Fine-grained version Settings:

  • Create a host granularity version mapping
  • Controller adds POD version selection logic

Elegant upgrade:

  • Lifecycle prestop/postStart will allow regular flow and recovery
  • In special scenarios, the GSLB is linked to perform flow cutting

Upgrade verification: The Controller is linked to the monitoring system. During the upgrade, service exceptions are detected and terminated or rolled back in time

Choreography security protection: Workload granularity and POD granularity are modified and deleted by adding Adminsion Webhook to verify whether they meet expectations

Edge container Dr And migration based on KubeEdge CDN

Migration steps:

1) Backup etcd, restore etCD in new cluster;

2) Switch access DNS;

3) Restart Cloudcore to disconnect the cloud-side hub;

Advantages:

  • Low cost. Due to the edge autonomy feature of KubeEdge, there is no reconstruction of edge container and no interruption of service.

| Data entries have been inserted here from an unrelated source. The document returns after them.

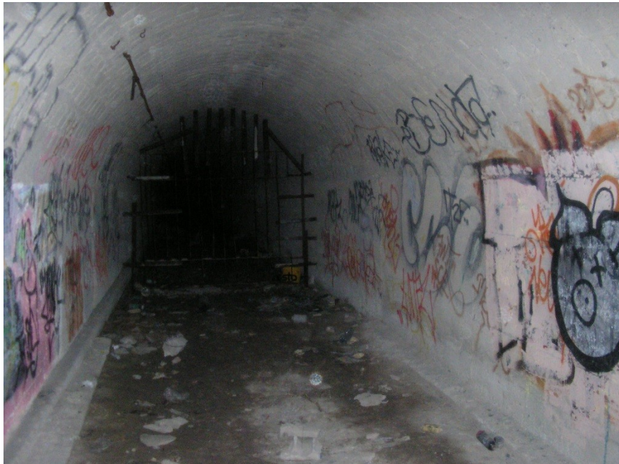
Růženin lom, tunely do ,lomu Džungle
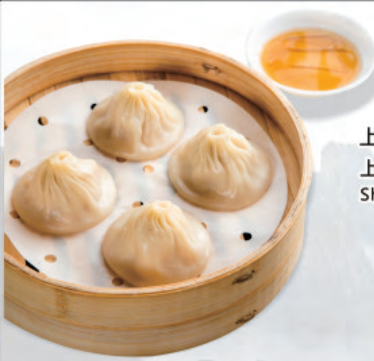
上海小籠包 ¥980 上海小笼包 Shanghai Xiaolongbao
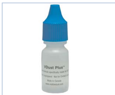
Codice - 2902544
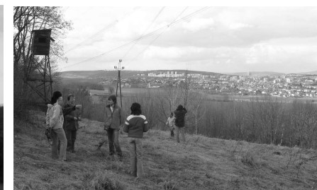
Nový Lískovec a Bohunice ze severního svahu

Po cestě podél keři zarostlé hormí hrany svahu pokračujeme směrem k Modřicím. Kousek za mysliveckým posedem, vyrobeným z části bývalé hasičské věže, se vlevo naskytne volnější prostor pro výhled. To je asi místo, kde je v konceptu Územního plánu navržena rozhledna. Ani by to nemusela být věž, ale stačila by plošina na podpěrách, vysunutá pár metrů ze svahu - a zajistila by téměř 180-stupňový rozhled, jsme totiž pořád na převýšení kolem 100 m nad řečištěm Svratky a tedy dnem brněnské kotliny.
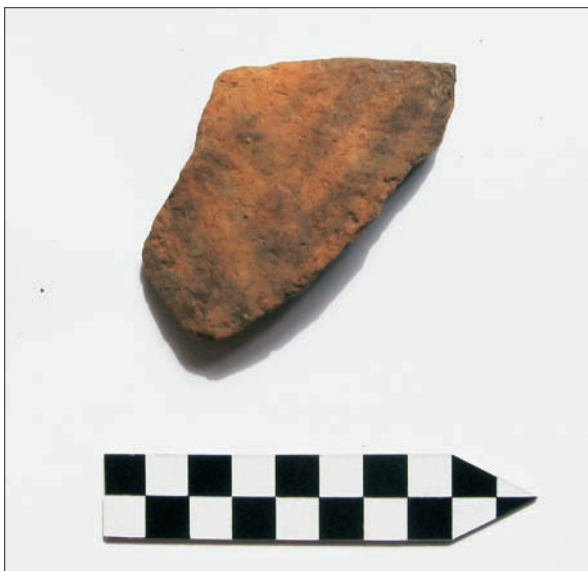
Sl. 5 Slavonski Brod, Galovo, ulomak zdjele slikane linearnim motivima.
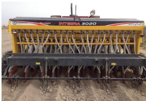
شکل ۲- خطی کار کف کار ۲۰ ردیفه برای کاشت در داخل شیار آبیاری

کارنده مورد استفاده در تیمار کشت مکانیزه، ماشین کاشی اراضی شور (کف کار) مدل INTEGRA ۳۰۲۰ ساخت شرکت ماشین برزگر همدان بود (شکل ۲). این نوع خطی کار در فرآیند انتقال بذر و کود از مخزن به بستر بذر ساختاری مشابه سایر بذرکارهای متداول دارد ولی با الحاق تعداد ۵ جوی و پشته ساز ۲ مخصوص باعث ایجاد جویچه‌هایی با عرض (فاصله مرکز به مرکز پشته) ۶۰ سانتی‌متر شده و بذر و کود را به صورت حجمی روی چهار ردیف به فواصل ۱۰ سانتی‌متر در داخل جویچه‌ها کشت می‌نماید.
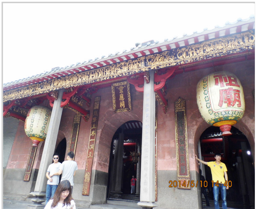
祖廟是佛山人的信仰中心
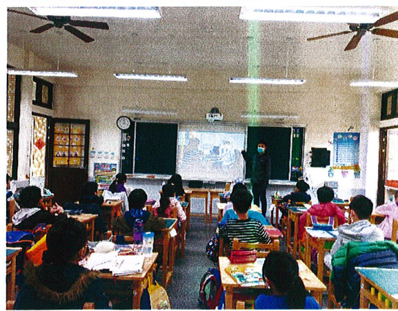
說明：三年級入班宣講情形
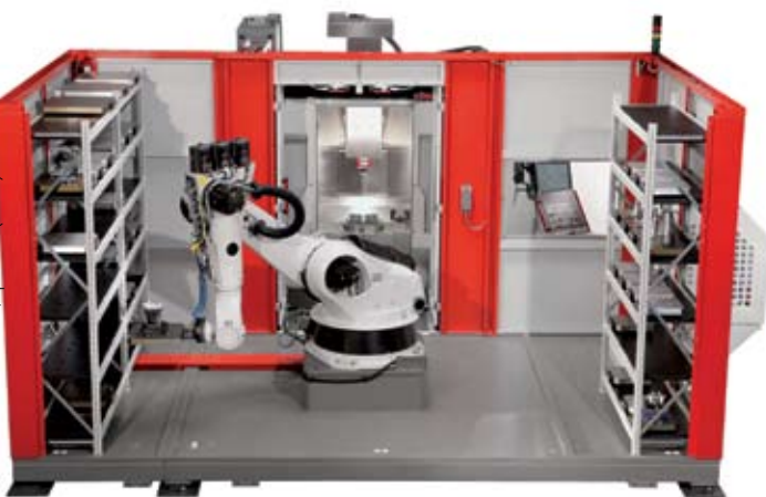
Рис. 6. Роботизированная система с двумя магазинами паллет при загрузке в 5-осевой высокопроизводительный обрабатывающий центр (передняя стенка защитного кожуха для наглядности снята).

05 • 2015 • К о м п л е к т : ИТО • тел./факс: (495) 366-9800

  • Simple process, controllable, high service security;

CDN mass file distribution

Requirement scenarios:

  • CDN Edge service configuration
  • GSLB scheduling decision data
  • The container image preheating task

04 Thinking about future Architecture evolution

Edge computing Challenge

Resource management: wide distribution, variety, structure, specifications are not unified \

Network delay, reliability: heterogeneous network, mobile network and other weak network environment, bandwidth limited, insufficient stability \

Security: edge service is more difficult to form a unified security protection system

Diversified services: Various scenarios and service types

Basic ability of edge computing platform based on CDN

Resources:

  • Extensive coverage of CDN nodes and redundant resources of tidal characteristics;
  • Cloud-side collaboration is provided through Kubeedge;
  • It is capable of deploying and managing heterogeneous resources.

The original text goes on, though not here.